First Classification Model
Load the dataset
First, we load the dataset using pandas:
import pandas as pd
dataset = pd.read_csv('Default.csv')
dataset.info()
<class 'pandas.core.frame.DataFrame'>
RangeIndex: 10000 entries, 0 to 9999
Data columns (total 4 columns):
# Column Non-Null Count Dtype
--- ------ -------------- -----
0 default 10000 non-null int64
1 student 10000 non-null int64
2 balance 10000 non-null float64
3 income 10000 non-null float64
dtypes: float64(2), int64(2)
memory usage: 312.6 KB
As expected, the dataset contains observations for 10K consumers. Moreover, every column has 10K non-null values. So we don’t have any missing data.
Imbalanced Classes
Next, let’s find out how many consumers have defaulted on their loans.
We can use Pandas’ function value_counts() to get the counts of each outcome in default
, the output column:
dataset['default'].value_counts()
0 9667
1 333
Name: default, dtype: int64
Only 333 out of 10K, or 3.33% of consumers have defaulted on their loans. We are dealing with a dataset with imbalanced classes. This will become important, as we’ll see later.
Train Test Split
Let’s store input columns (student
, balance
, and income
) as variable X, and output column (default
) as y:
# X contains all input columns
# Use pandas drop() to get all columns except 'default'
X = dataset.drop(columns='default')
# y has the output column
y = dataset['default']
We must ensure that we’ll test our model on data it has never seen during training. So let’s set aside a portion of the available data for testing.
We’ll use Scikit-Learn’s train_test_split which will return training set (X_train, y_train) and test set (X_test, y_test):
from sklearn.model_selection import train_test_split
# keep 30% of data for testing using the argument 'test_size'
# Order of the output variables is important
X_train, X_test, y_train, y_test = train_test_split(
X, y, test_size=0.3)
Build the Model
Let’s train the model using Scikit-Learn’s LogisticRegression. Make sure that we use the training data (X_train and y_train) in this phase:
from sklearn.linear_model import LogisticRegression
# liblinear solver works well with unscaled data
model = LogisticRegression(solver='liblinear')
# fit the model on the training data
model.fit(X_train, y_train)
Evaluate the Model
Now that the model is fully trained, let’s measure its performance. We’ll use the model to predict the output (default) for all test inputs, X_test:
# predict y for the test inputs
y_test_predictions = model.predict(X_test)
Plot Confusion Matrix
Next, let’s generate a Confusion Matrix by comparing the actual test output (y_test) with the model’s predictions (y_test_predictions):
# import all the metrics we'll use later on
from sklearn.metrics import (
confusion_matrix,
accuracy_score,
precision_score,
recall_score,
f1_score
)
# Generate confusion matrix for the predictions
conf_matrix = confusion_matrix(y_test, y_test_predictions)
conf_matrix
array([[2907, 2],
[ 91, 0]])
The above output can be hard to interpret - it’s just a bunch of numbers in a two-dimensional array.
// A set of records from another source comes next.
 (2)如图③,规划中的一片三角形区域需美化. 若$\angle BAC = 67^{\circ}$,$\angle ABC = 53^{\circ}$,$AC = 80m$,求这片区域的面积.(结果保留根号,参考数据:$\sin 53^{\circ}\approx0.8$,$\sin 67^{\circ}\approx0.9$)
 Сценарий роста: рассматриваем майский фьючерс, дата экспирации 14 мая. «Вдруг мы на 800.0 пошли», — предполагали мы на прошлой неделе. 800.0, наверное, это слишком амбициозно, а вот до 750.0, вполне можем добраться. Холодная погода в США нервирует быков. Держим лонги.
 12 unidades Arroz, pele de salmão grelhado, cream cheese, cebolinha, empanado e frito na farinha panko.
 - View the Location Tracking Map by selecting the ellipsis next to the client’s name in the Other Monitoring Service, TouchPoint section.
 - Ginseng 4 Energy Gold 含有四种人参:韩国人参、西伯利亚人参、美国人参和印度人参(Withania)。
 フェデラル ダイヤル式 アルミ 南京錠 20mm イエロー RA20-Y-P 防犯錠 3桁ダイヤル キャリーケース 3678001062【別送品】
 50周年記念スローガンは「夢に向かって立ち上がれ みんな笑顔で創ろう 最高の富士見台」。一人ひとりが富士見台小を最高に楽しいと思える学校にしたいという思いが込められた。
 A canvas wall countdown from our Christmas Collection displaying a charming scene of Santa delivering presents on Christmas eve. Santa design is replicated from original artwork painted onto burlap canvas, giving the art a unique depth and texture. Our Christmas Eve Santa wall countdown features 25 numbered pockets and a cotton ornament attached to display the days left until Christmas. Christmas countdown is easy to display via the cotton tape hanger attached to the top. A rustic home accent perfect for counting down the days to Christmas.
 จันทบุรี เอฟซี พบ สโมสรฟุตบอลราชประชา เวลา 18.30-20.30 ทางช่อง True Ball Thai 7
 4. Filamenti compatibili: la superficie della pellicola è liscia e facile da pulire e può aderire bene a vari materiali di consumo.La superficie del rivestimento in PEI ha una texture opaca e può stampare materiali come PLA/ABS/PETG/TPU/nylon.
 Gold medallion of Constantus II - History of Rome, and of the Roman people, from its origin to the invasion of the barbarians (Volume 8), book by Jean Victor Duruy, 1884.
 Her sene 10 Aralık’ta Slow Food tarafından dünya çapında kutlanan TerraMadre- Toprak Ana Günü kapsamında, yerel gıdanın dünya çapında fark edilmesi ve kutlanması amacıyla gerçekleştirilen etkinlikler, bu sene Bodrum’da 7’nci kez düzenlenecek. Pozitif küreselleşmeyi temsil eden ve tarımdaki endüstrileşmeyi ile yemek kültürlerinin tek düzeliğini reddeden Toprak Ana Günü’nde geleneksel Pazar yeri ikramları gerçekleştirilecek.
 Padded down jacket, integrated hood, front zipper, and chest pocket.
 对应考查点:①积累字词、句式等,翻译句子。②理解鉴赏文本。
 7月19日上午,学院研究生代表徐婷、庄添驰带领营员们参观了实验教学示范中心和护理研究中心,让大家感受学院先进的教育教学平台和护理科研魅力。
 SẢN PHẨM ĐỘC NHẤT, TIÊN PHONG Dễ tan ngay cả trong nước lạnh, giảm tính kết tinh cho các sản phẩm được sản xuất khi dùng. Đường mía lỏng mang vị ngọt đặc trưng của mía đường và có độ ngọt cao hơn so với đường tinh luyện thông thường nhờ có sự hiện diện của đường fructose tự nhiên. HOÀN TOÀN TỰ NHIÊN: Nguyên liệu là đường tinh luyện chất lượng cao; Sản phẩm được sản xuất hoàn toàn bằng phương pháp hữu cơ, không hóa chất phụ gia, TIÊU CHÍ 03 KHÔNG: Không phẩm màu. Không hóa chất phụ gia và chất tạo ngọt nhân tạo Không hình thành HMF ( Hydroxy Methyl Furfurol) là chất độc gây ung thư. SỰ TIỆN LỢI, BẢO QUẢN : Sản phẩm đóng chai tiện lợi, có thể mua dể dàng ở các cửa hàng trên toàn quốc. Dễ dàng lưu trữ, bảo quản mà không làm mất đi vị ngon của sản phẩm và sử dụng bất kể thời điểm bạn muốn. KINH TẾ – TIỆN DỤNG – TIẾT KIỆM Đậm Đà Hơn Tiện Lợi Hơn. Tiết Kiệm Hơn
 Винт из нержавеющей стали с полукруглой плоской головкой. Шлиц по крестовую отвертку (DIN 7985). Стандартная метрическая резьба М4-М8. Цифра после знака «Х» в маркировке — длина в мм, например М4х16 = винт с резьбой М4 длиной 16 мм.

We can visualize the Confusion Matrix instead using Seaborn heatmap():
import matplotlib.pyplot as plt
import seaborn as sns
plt.figure(figsize=(8,8))
sns.set(font_scale = 1.5)
ax = sns.heatmap(
conf_matrix, # confusion matrix 2D array
annot=True, # show numbers in the cells
fmt='d', # show numbers as integers
cbar=False, # don't show the color bar
cmap='flag', # customize color map
vmax=175 # to get better color contrast
)
ax.set_xlabel("Predicted", labelpad=20)
ax.set_ylabel("Actual", labelpad=20)
plt.show()
Notice the bottom left square (containing the number 91).
The test set contained 91 cases where consumers defaulted on their loans (actual value = 1). Our model couldn’t predict any of them correctly (predicted value = 0).
That’s a terrible performance! Let’s see if Accuracy reflects this reality.
accuracy = accuracy_score(y_test, y_test_predictions)
print(f"Accuracy = {accuracy}")
Accuracy = 0.969
No, it doesn’t. A model which gets all the positive cases wrong isn’t supposed to have an Accuracy of almost 97%.
This paradoxical phenomenon where a model has high Accuracy but performs poorly is known as the Accuracy Paradox.
That’s why you cannot trust Accuracy to measure the performance of a classification model. That’s especially true when you have imbalanced classes.
We’ll turn to the metrics that can help us identify bad models in such situations.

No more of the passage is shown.